*Assignment*
Copy only the lines from the one containing "Quiet & comfortable" through the final line of the records below, exactly as written, with no pictures.
....
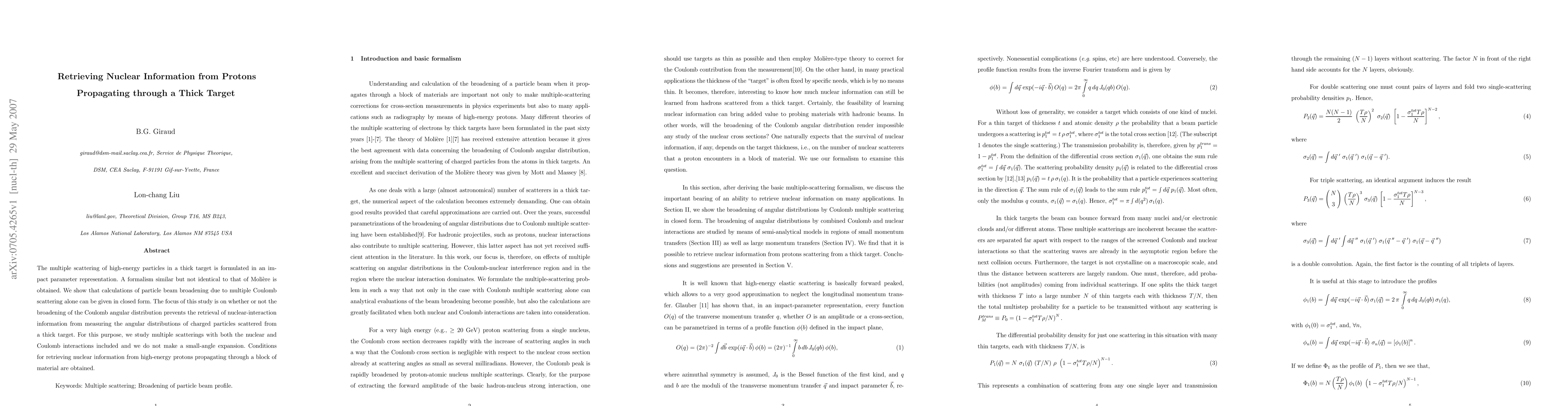 The multiple scattering of high-energy particles in a thick target is fromulated in an impact parameter representation. A formalism similar but not identical to that of Moliere is obtained. We show that calculations of particle beam broadening due to multiple Coulomb scattering alone can be given in closed form. The focus of this study is on whether or not the broadening of the Coulomb angular distribution prevents the retrieval of nuclear-interaction information from mesauring the angular distributions of charged partiles scattered from a thick target. For this purpose, we study multiple scatterings with both the nuclear and Coulomb interactions included and we do not make a small-angle expansion. Condition for retrieving nuclear infomration from high-energy protons propagating through a block of material are obtained.
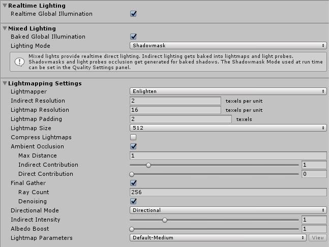 | Lightmap Parameters | Unity uses a set of general parameters for the lightmapping in addition to Lighting window properties of the. A few defaults are available from the menu for this property, but you can also use the Create New option to create your own lightmap parameter file. See the Lightmap Parameters page for further details. The default value is Default-Medium. |
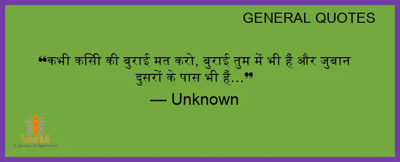 कभी किसी की बुराई मत करो, बुराई तुम में भी हैं और जुबान दुसरों के पास भी हैं…
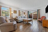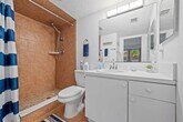 Quiet & comfortable 2 bedroom, 2 full bath with private fenced in patio. Full kitchen with microwave, dishwasher and cookware and dishes. Open living & dining area comfortably furnished with a fold out bed in couch. Bedrooms provide 1 queen size bed & twin beds. Master bedroom has private bath with large shower & another has patio access. Beautiful waterfront community fenced yard w/patio & grill. Coin operated w/d on ground floor. Kick back & relax in this calm, stylish space. Enclosed back patio, great for grilling!
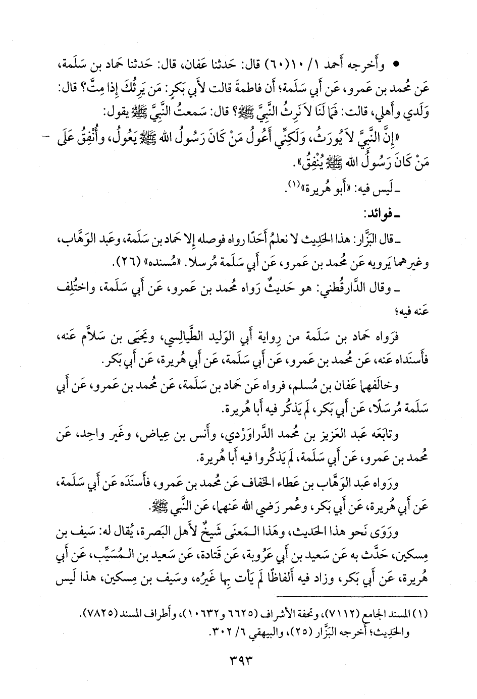 - قال البزار: هذا الحديث لا نعلم أحدًا رواه فوصله إلا حماد بن سلمة، وعبد الوَهَّاب، وغيرهما يرويه عن محمد بن عَمرو، عن أبي سلمة مُرسلًا. «مسنده» (٢٦).
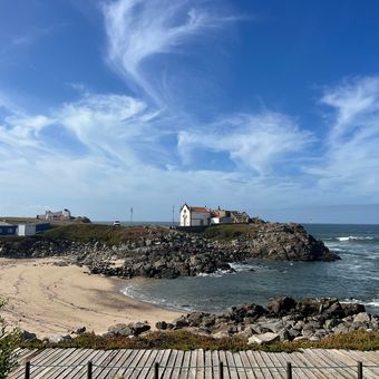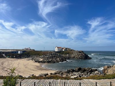 La spiaggia si estende lungo la costa atlantica con aree sabbiose di media dimensione e onde regolari adatte alle attività acquatiche.
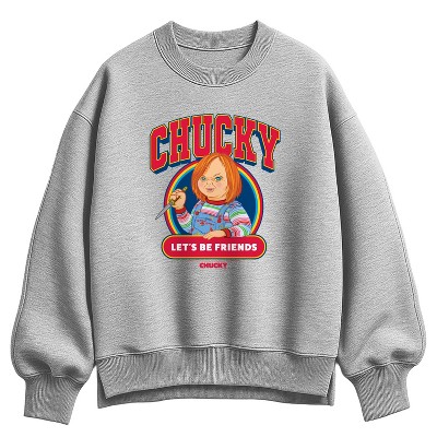 Women's Chucky Bride of Chucky Valentine Relationship Goals Oversized Fleece Crew Sweatshirt - Athletic Heather - X-Large
....
*Response below*
 Quiet & comfortable 2 bedroom, 2 full bath with private fenced in patio. Full kitchen with microwave, dishwasher and cookware and dishes. Open living & dining area comfortably furnished with a fold out bed in couch. Bedrooms provide 1 queen size bed & twin beds. Master bedroom has private bath with large shower & another has patio access. Beautiful waterfront community fenced yard w/patio & grill. Coin operated w/d on ground floor. Kick back & relax in this calm, stylish space. Enclosed back patio, great for grilling!
 - قال البزار: هذا الحديث لا نعلم أحدًا رواه فوصله إلا حماد بن سلمة، وعبد الوَهَّاب، وغيرهما يرويه عن محمد بن عَمرو، عن أبي سلمة مُرسلًا. «مسنده» (٢٦).
 La spiaggia si estende lungo la costa atlantica con aree sabbiose di media dimensione e onde regolari adatte alle attività acquatiche.
 Women's Chucky Bride of Chucky Valentine Relationship Goals Oversized Fleece Crew Sweatshirt - Athletic Heather - X-Large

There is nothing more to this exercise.